Monday, June 25, 2007

Shaping A Different Bookstore's Book Buying Habits

I had this "wonderful" essay about book buying, but I'm still waiting for Tin to publish it, so right now, all you need to know is that book buyers determine what books bookstores order and in what quantities, and isn't far off from what a comic book retailer does when he or she isn't manning the counter.

For big bookstore chains like National Bookstore or Fully Booked, it was highly unlikely that regular customers could influence what books they stocked. Sure, you could place orders on specific books, but when that book actually arrives, you're the only one who receives a copy of that book.

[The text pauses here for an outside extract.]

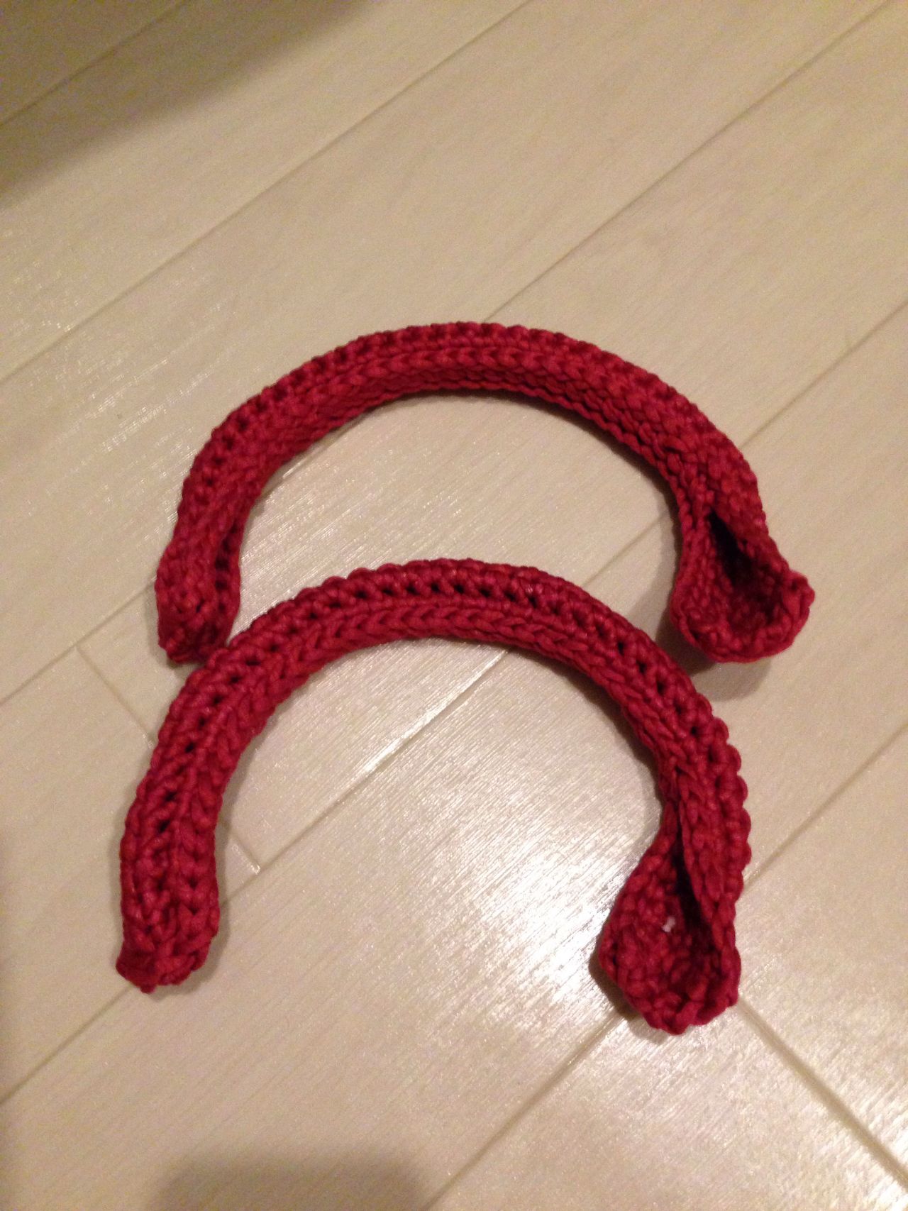 ④持ち手は、持つ部分を半分に折って巻きかがりをします。

My experience with A Different Bookstore was different. At the time, I was making good use of their book ordering system. Ordering books from A Different Bookstore isn't any more expensive than ordering books from, say, Powerbooks, but what I liked about it is that the books arrived faster. It averages out to waiting for a month for regular books to arrive (more if it's a "rare" or hard-to-find book) but there was a time when a book order arrived in just two weeks. (Of course knowing when their new stocks arrived also helped me "place my order" at the optimum time frame.)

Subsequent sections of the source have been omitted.